I’m writing a talk for the Machine Learning Lunch at UMass/Amherst. It has got me thinking about the issue of sparsity in the precision error. Here are the technical details. The precision error when using $n$ models leads to a $n^2$ covariance matrix. Because the matrix is symmetric, it really has $n(n+1)/2$ independent components. You can think of the covariance matrix as a data structure that lives in a $n(n+1)/2$. It does not inhabit the full space because cross-correlations must be less than the variance of the cross-correlated variables.

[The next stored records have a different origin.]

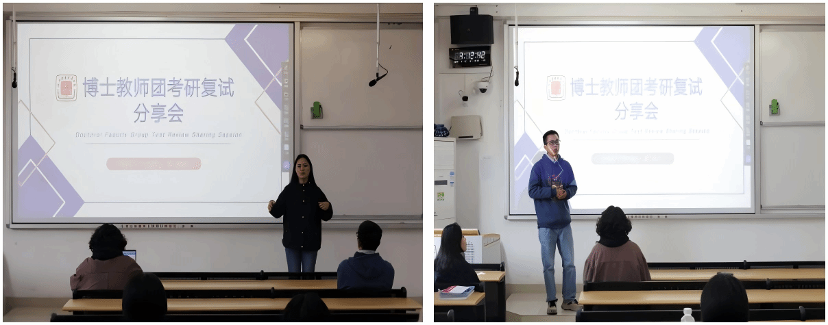 分享会上,三位博士教师详细介绍了考研复试的基本流程和注意事项,并结合自身考研复试经历,借用具体案例进行剖析,将宝贵经验倾囊相授。三位博士教师还从心理调适和应对策略的角度为同学们提供了极具实用性的建议,帮助他们在复试中保持自信和冷静,展现出最佳状态。
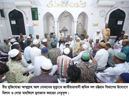 প্রেস বিজ্ঞপ্তি: চট্টগ্রাম বিভাগীয় শ্রমিক দলের দোয়া মাহফিল বিএনপির ভাইচ চেয়ারম্যান সাবেক মন্ত্রী জাতীয়তাবাদী শ্রমিক দলের কেন্দ্রীয় সাবেক সভাপতি, বীর মুক্তিযোদ্ধা আব্দুল্লাহ আল নোমানের মৃত্যুতে জাতীয়তাবাদী শ্রমিক দল চট্টগ্রাম বিভাগের পক্ষ থেকে তাৎক্ষণিক বাদে আছর নাসিমন ভবনস্থ দলীয় কার্যালয়ের মসজিদে দোয়া ও মিলাদ মাহফিল অনুষ্ঠিত হয়।
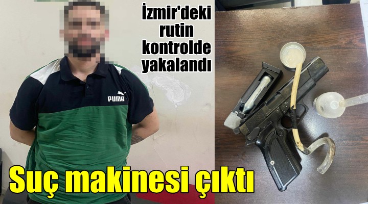 Bornova ilçesinde polis ekiplerinin ?üphe üzerine durdurdu?u iki ki?inin yap?lan GBT (Genel Bilgi Tarama) sorgulamas?nda Y.A.'n?n 14 ayr? h?rs?zl?k suçundan aranmas? oldu?u belirlendi. ?üpheli Y.A.'n?n yap?lan üst aramas?nda; tabanca, 11 gram metamfetamin ile uyu?turucu düzene?i bulundu. ?üpheli Y.A.'n?n emniyetteki i?lemleri devam ediyor.
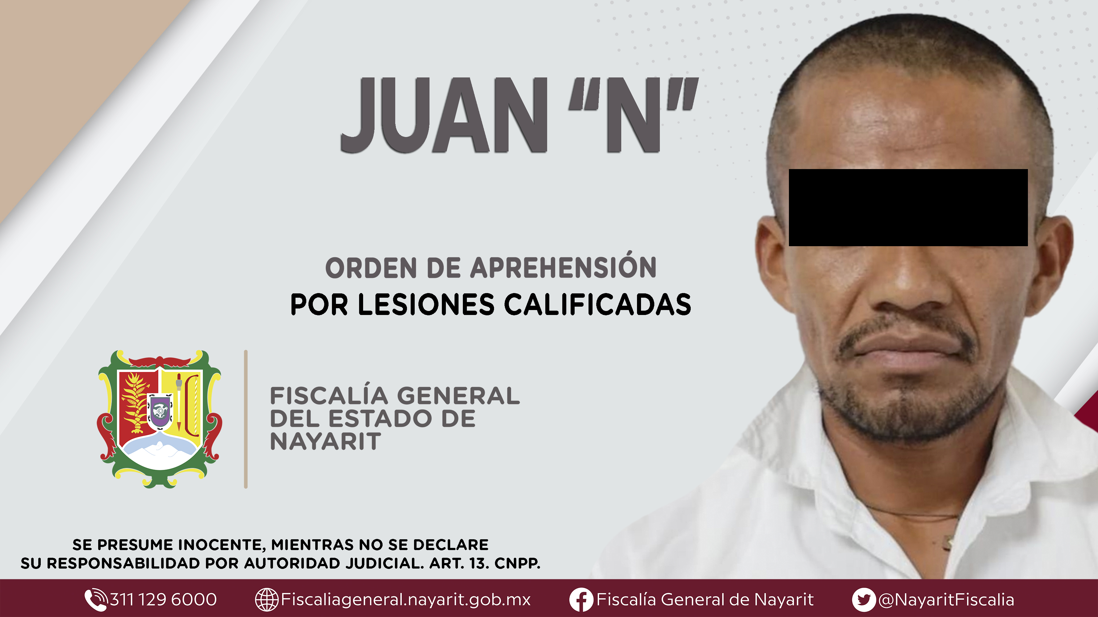 Elementos de la Agencia de Investigación Criminal de Nayarit ejecutaron una orden de aprehensión en la ciudad de Tepic contra Juan “N”, por su presunta participación en hechos que según apreciación de la ley encuadran el delito de lesiones calif...

The autonomous difference equations that were first publishd in the Swiss paper lead to $n(n+1)/2 – n$ independent equations. So the linear algebra system for the precision error covariance matrix is always under-determined by $n$ equations. The $\ell_1$ minimization technique advocated by Donoho would be able to solve this system if enough of the entries in the matrix were zero. This is what I mean by: is the precision error covariance matrix sparse enough?
You can calculate that the percentage of equations you have as the following fraction less than one
$$\frac{n(n+1)/2-n}{n(n+1)/2}.$$
This number is equal to
$$ 1 – \frac{2}{n+1}$$
so it approaches a well-determined system (the value one) with a term that dies as order $1/n$. Doesn’t this mean that if you have enough models ($n$ large enough) you would be able to become sparse enough to reconstruct the covariance matrix?
This means that sparsity of the error of the signal behaves empirically different than the sparsity of the signal. This has profound implications for the wide-applicability of the theory Howard Schultz and I have developed.